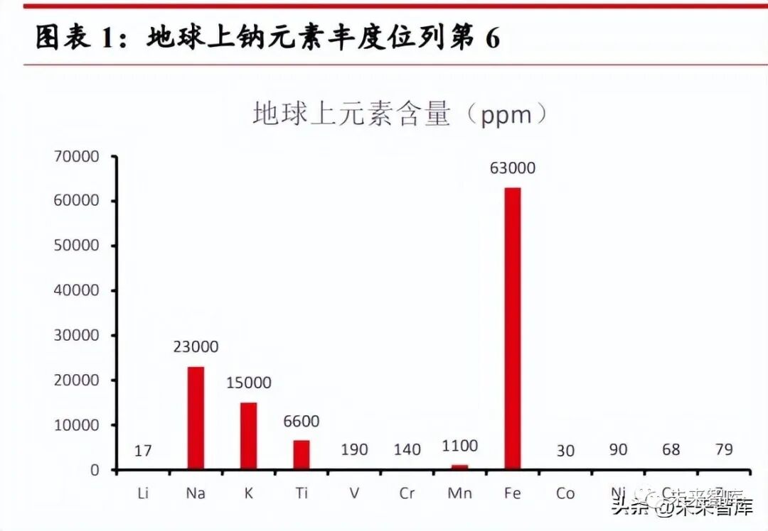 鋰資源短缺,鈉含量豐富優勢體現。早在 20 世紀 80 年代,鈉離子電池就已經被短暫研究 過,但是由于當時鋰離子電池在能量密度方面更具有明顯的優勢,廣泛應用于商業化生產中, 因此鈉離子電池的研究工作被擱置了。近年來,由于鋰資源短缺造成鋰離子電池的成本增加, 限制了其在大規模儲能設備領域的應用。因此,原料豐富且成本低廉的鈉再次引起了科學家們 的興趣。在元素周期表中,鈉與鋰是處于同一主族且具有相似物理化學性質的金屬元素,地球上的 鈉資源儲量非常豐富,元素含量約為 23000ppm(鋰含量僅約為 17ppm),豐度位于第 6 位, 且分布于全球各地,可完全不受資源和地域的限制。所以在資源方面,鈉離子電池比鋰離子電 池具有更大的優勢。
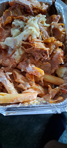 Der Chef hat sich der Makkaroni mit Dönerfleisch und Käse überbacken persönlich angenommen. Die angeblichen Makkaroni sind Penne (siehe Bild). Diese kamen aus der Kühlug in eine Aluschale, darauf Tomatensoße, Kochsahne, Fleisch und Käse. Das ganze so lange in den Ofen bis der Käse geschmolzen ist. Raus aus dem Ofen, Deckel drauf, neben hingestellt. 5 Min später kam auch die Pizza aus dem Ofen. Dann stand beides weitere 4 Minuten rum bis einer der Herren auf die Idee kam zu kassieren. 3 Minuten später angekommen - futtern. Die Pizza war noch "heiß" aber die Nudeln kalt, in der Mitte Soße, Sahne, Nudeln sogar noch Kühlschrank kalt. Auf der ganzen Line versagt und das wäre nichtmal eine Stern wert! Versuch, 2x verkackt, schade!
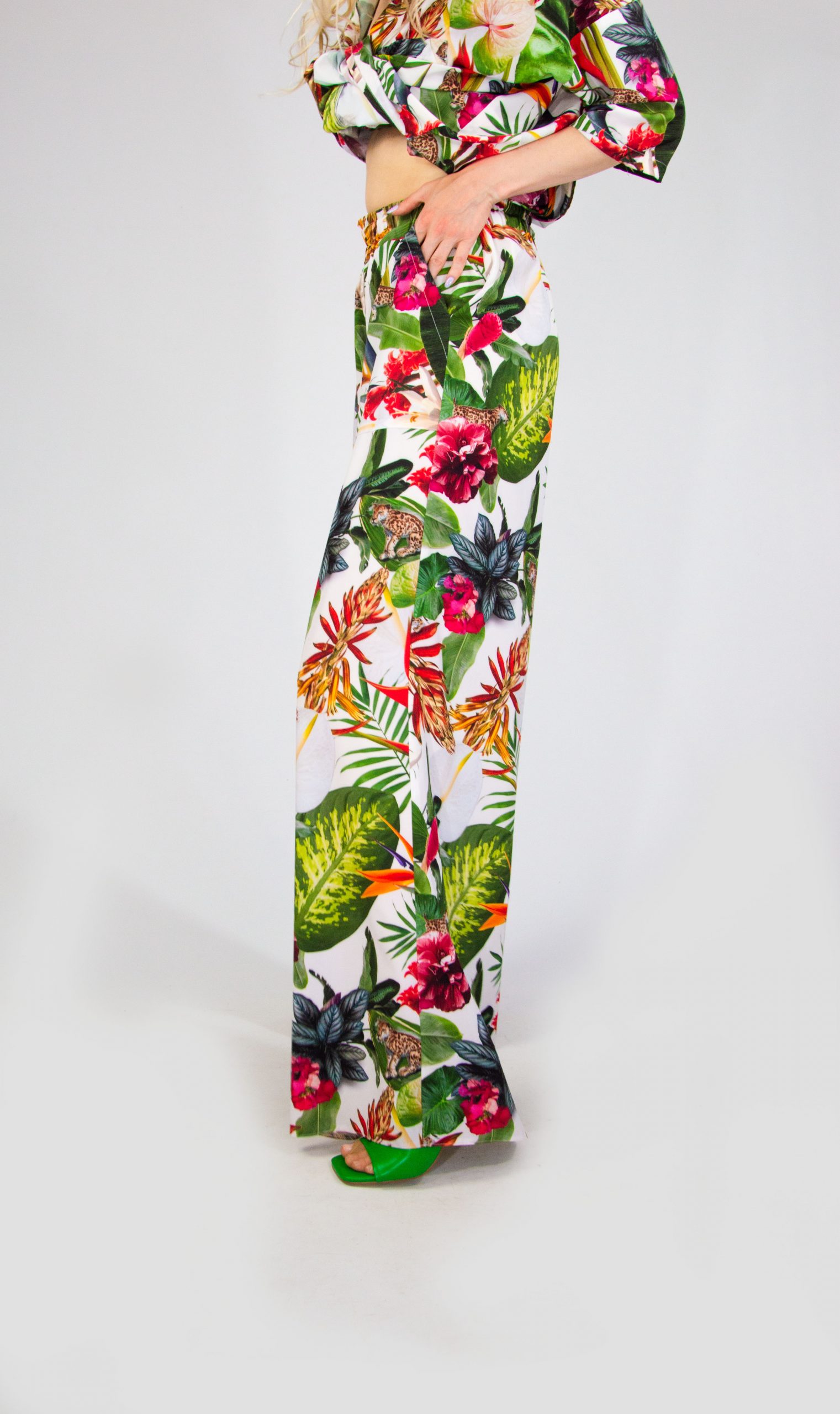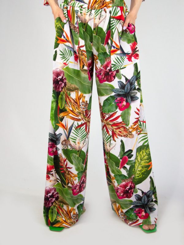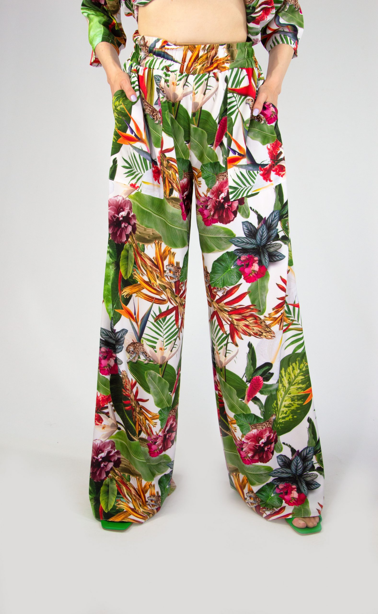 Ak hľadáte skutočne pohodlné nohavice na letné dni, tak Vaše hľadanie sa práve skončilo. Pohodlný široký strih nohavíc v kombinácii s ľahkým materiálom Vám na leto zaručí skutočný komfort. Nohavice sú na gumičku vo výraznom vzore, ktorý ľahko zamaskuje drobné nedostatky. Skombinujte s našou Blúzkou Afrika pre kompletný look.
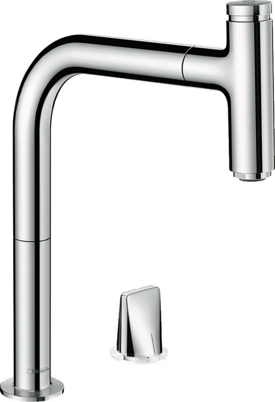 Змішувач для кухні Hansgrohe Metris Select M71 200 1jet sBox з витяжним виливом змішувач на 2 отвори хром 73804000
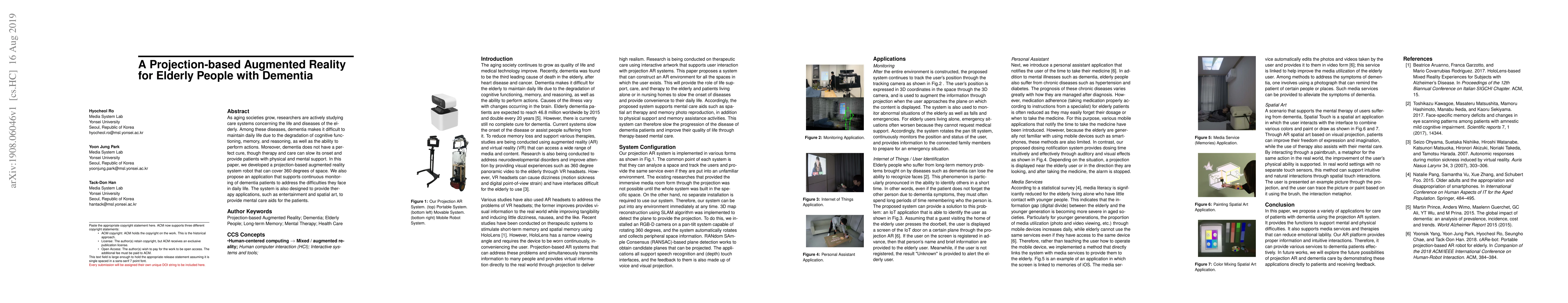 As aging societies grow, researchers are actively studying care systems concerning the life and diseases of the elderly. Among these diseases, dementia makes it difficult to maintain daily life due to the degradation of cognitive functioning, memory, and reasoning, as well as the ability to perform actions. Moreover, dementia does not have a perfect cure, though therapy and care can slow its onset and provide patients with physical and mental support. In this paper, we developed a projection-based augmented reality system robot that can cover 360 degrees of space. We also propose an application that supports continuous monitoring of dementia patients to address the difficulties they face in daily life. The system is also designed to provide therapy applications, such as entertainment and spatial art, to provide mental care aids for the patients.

+ + +

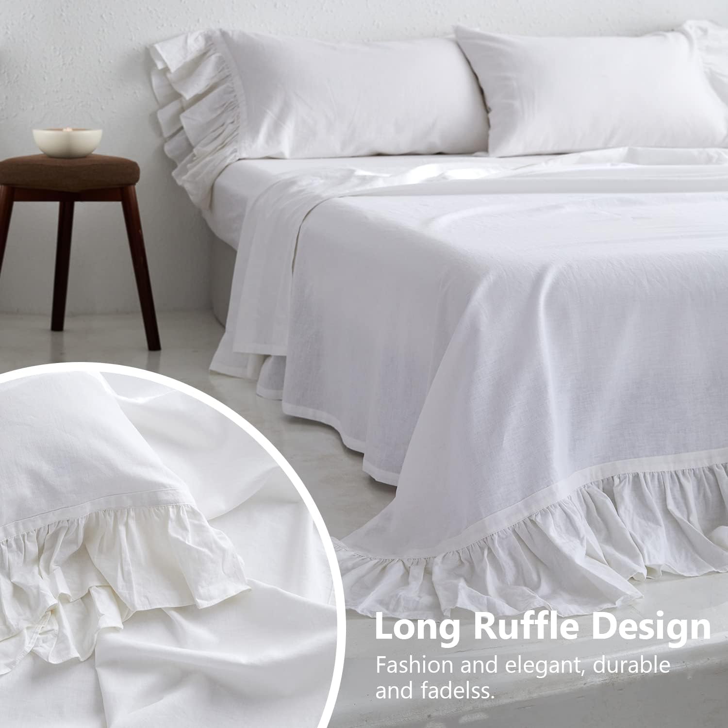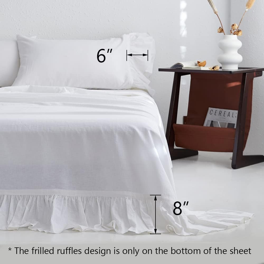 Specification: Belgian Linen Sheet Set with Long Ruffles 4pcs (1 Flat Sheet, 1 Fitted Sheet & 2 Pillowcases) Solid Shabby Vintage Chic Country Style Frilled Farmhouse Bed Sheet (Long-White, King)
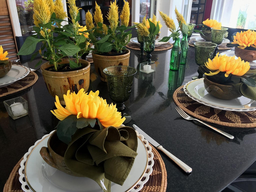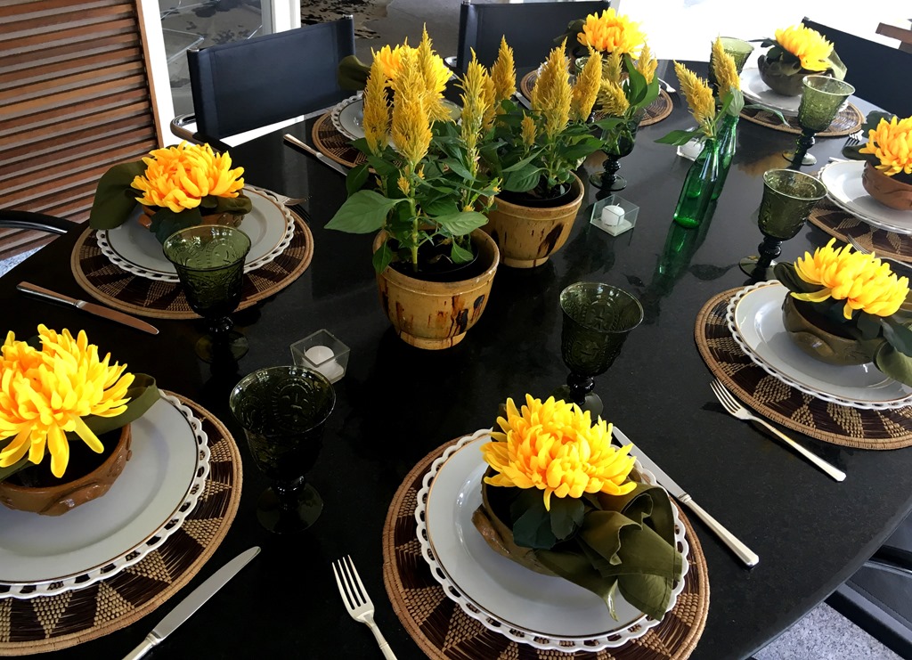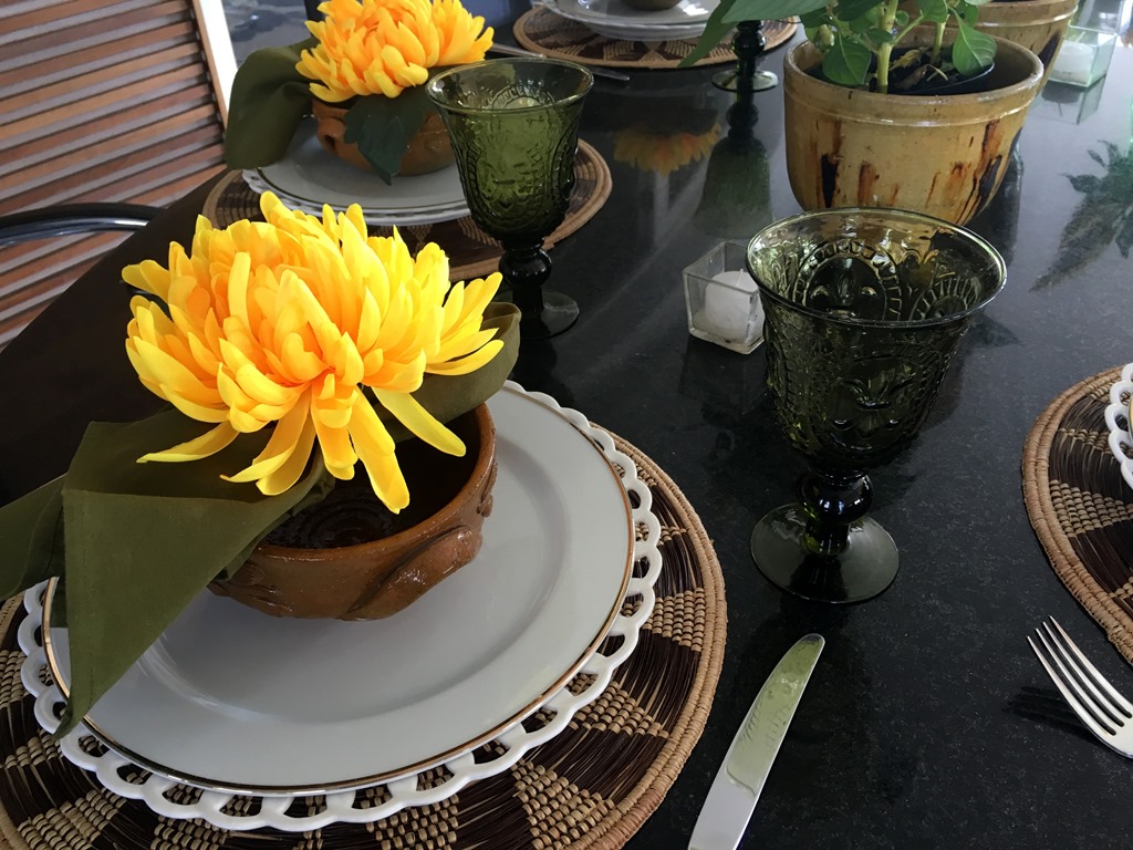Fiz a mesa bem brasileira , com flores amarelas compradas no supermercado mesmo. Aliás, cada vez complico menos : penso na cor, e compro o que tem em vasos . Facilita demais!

+ + +

▶ [Your objective] Given the entries above, transcribe exactly the lines from the one holding "Ak hľadáte skutočne" through the one holding "As aging societies"; pictures do not belong in the transcription.

▶ [Solution]
 Ak hľadáte skutočne pohodlné nohavice na letné dni, tak Vaše hľadanie sa práve skončilo. Pohodlný široký strih nohavíc v kombinácii s ľahkým materiálom Vám na leto zaručí skutočný komfort. Nohavice sú na gumičku vo výraznom vzore, ktorý ľahko zamaskuje drobné nedostatky. Skombinujte s našou Blúzkou Afrika pre kompletný look.
 Змішувач для кухні Hansgrohe Metris Select M71 200 1jet sBox з витяжним виливом змішувач на 2 отвори хром 73804000
 As aging societies grow, researchers are actively studying care systems concerning the life and diseases of the elderly. Among these diseases, dementia makes it difficult to maintain daily life due to the degradation of cognitive functioning, memory, and reasoning, as well as the ability to perform actions. Moreover, dementia does not have a perfect cure, though therapy and care can slow its onset and provide patients with physical and mental support. In this paper, we developed a projection-based augmented reality system robot that can cover 360 degrees of space. We also propose an application that supports continuous monitoring of dementia patients to address the difficulties they face in daily life. The system is also designed to provide therapy applications, such as entertainment and spatial art, to provide mental care aids for the patients.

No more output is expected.